TASK TO COMPLETE>
A faithful copy of the data below is required, leaving out every picture.

DATA PROVIDED>
◆ ◆ ◆ ◆ ◆ ◆ ◆

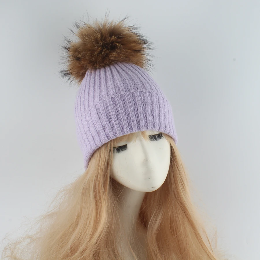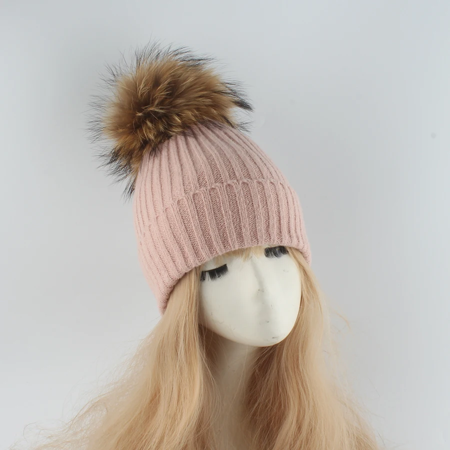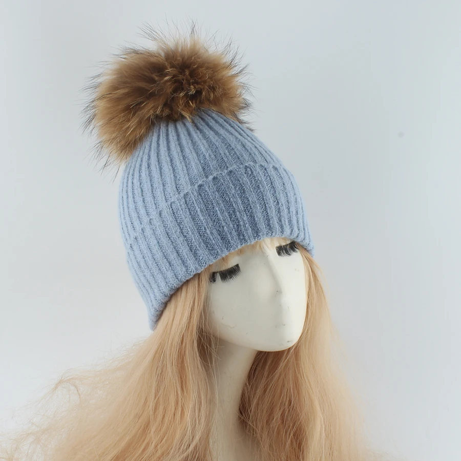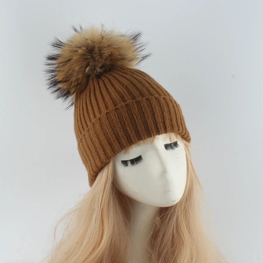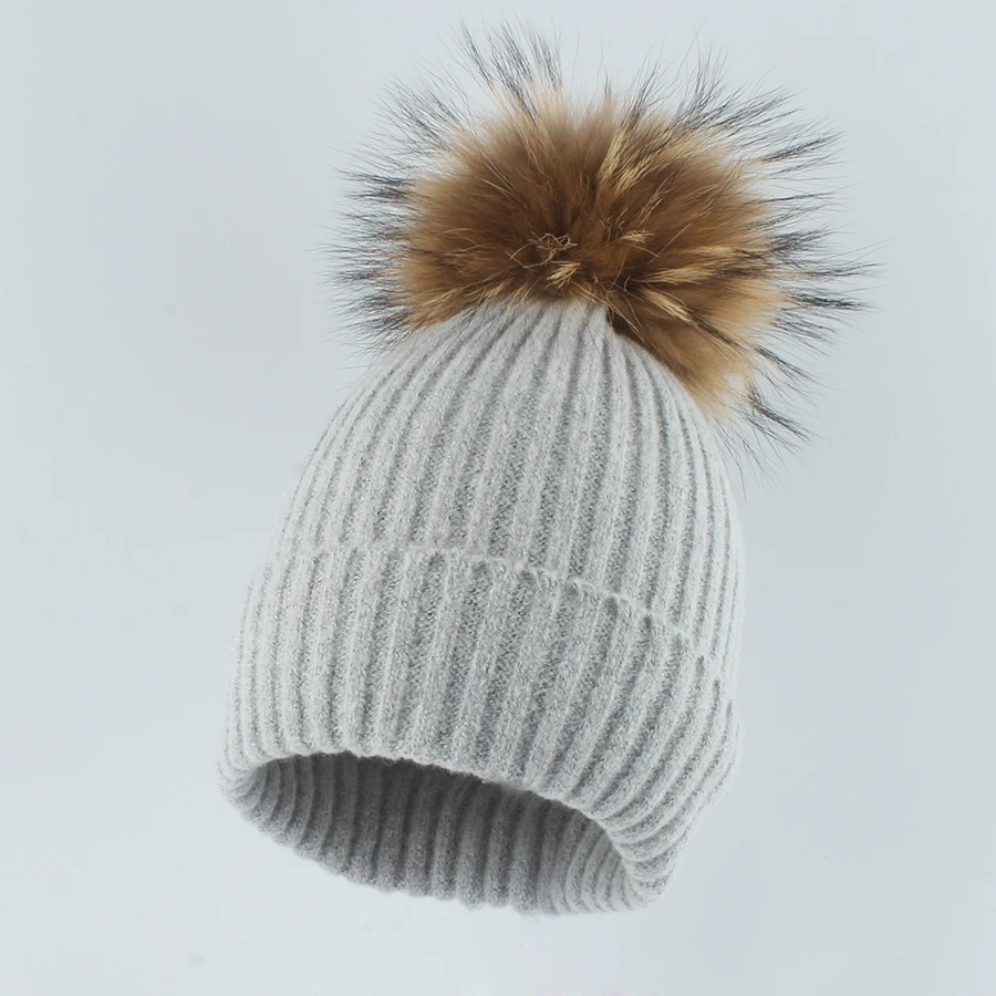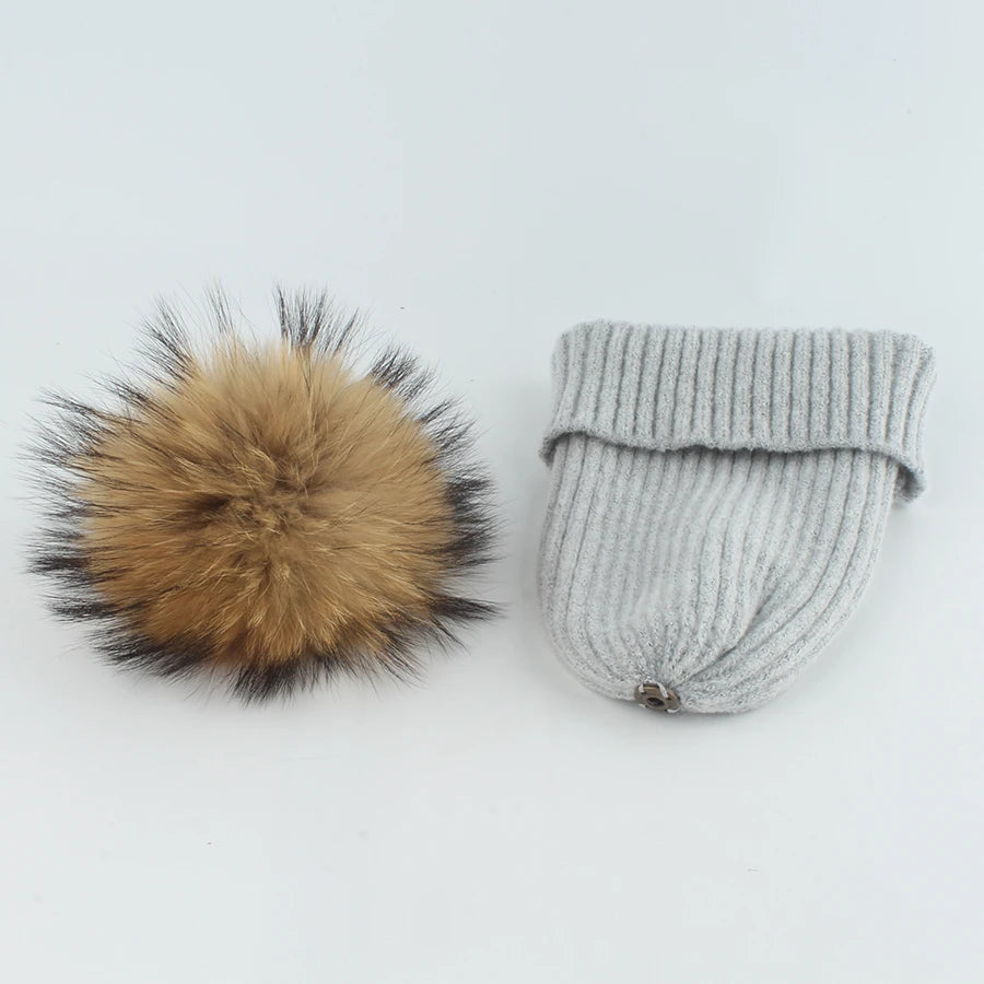 Deze gebreide wintermuts met zachte bontpompon brengt warmte en stijl in perfecte balans. De strepenstructuur en fluffy pompon van echt wasbeerbont geven een luxe, winterse look die elke outfit instant gezellig maakt.
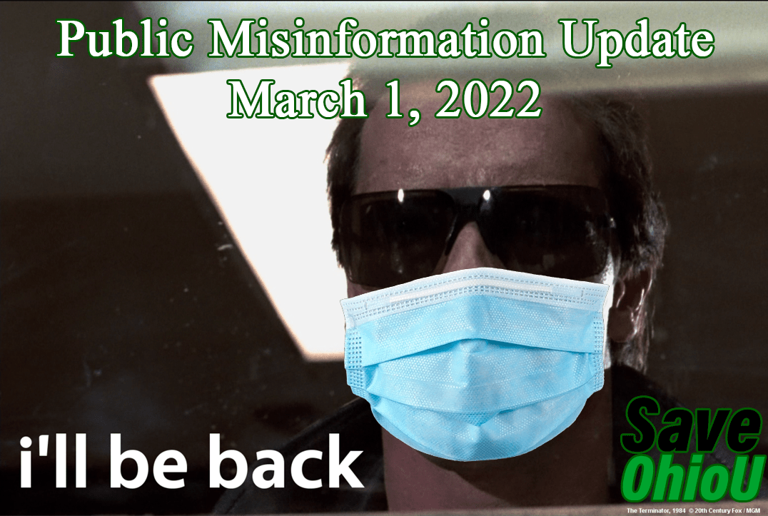 February 25th, The Centers For Disease Control updated their mask guidance. The Graphic below summarizes the new guidance. As of the time of this post Athens County, Ohio is in the low spread level, which the CDC recommends fully optional mask wearing, as we have, and recommended to the school countless times. The CDC levelContinue reading “Public Misinformation Update: March 1, 2022”
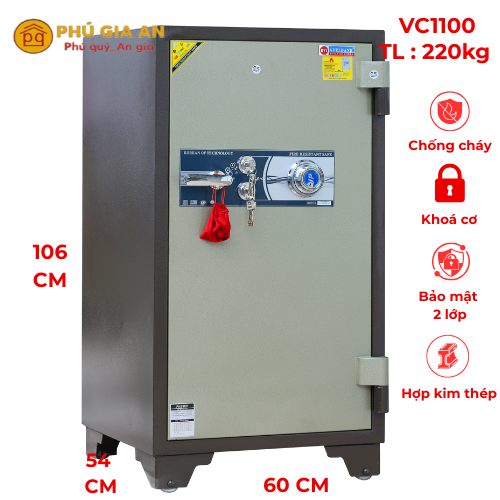 Thông số kỹ thuật két sắt chống cháy VC1100 khóa cơ đổi mã
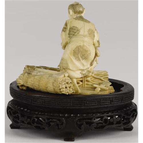 <B>An Asian Ivory Figure<BR></B></I>Unknown maker<BR>Twentieth Century<BR>The ivory figure of a man tying bundles of wood, on a dark wood pedestal<BR>Unmarked<BR>2.7 inches high x 3 inches wide<BR><BR><b>Shipping:</b> Requires 3rd Party Shipping (<a target="_blank" href="http://www.heritageauctions.com/common/shipping.php">view shipping information</a>)
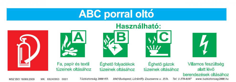 UV Biztonsági adattábla - ABC porral oltóhoz
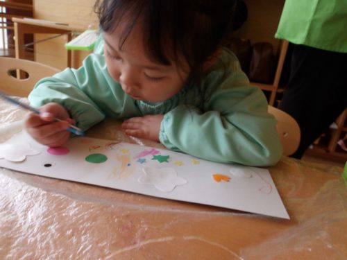 ノリでこいのぼり製作をした後にこいのぼりにお絵かきしたい!!と教えてくれたお友だちはポンキーを使ってこいのぼりに模様もつけてあげていました💗

◆ ◆ ◆ ◆ ◆ ◆ ◆

RESULT OF THIS EXERCISE>
 Deze gebreide wintermuts met zachte bontpompon brengt warmte en stijl in perfecte balans. De strepenstructuur en fluffy pompon van echt wasbeerbont geven een luxe, winterse look die elke outfit instant gezellig maakt.
 February 25th, The Centers For Disease Control updated their mask guidance. The Graphic below summarizes the new guidance. As of the time of this post Athens County, Ohio is in the low spread level, which the CDC recommends fully optional mask wearing, as we have, and recommended to the school countless times. The CDC levelContinue reading “Public Misinformation Update: March 1, 2022”
 Thông số kỹ thuật két sắt chống cháy VC1100 khóa cơ đổi mã
 <B>An Asian Ivory Figure<BR></B></I>Unknown maker<BR>Twentieth Century<BR>The ivory figure of a man tying bundles of wood, on a dark wood pedestal<BR>Unmarked<BR>2.7 inches high x 3 inches wide<BR><BR><b>Shipping:</b> Requires 3rd Party Shipping (<a target="_blank" href="http://www.heritageauctions.com/common/shipping.php">view shipping information</a>)
 UV Biztonsági adattábla - ABC porral oltóhoz
 ノリでこいのぼり製作をした後にこいのぼりにお絵かきしたい!!と教えてくれたお友だちはポンキーを使ってこいのぼりに模様もつけてあげていました💗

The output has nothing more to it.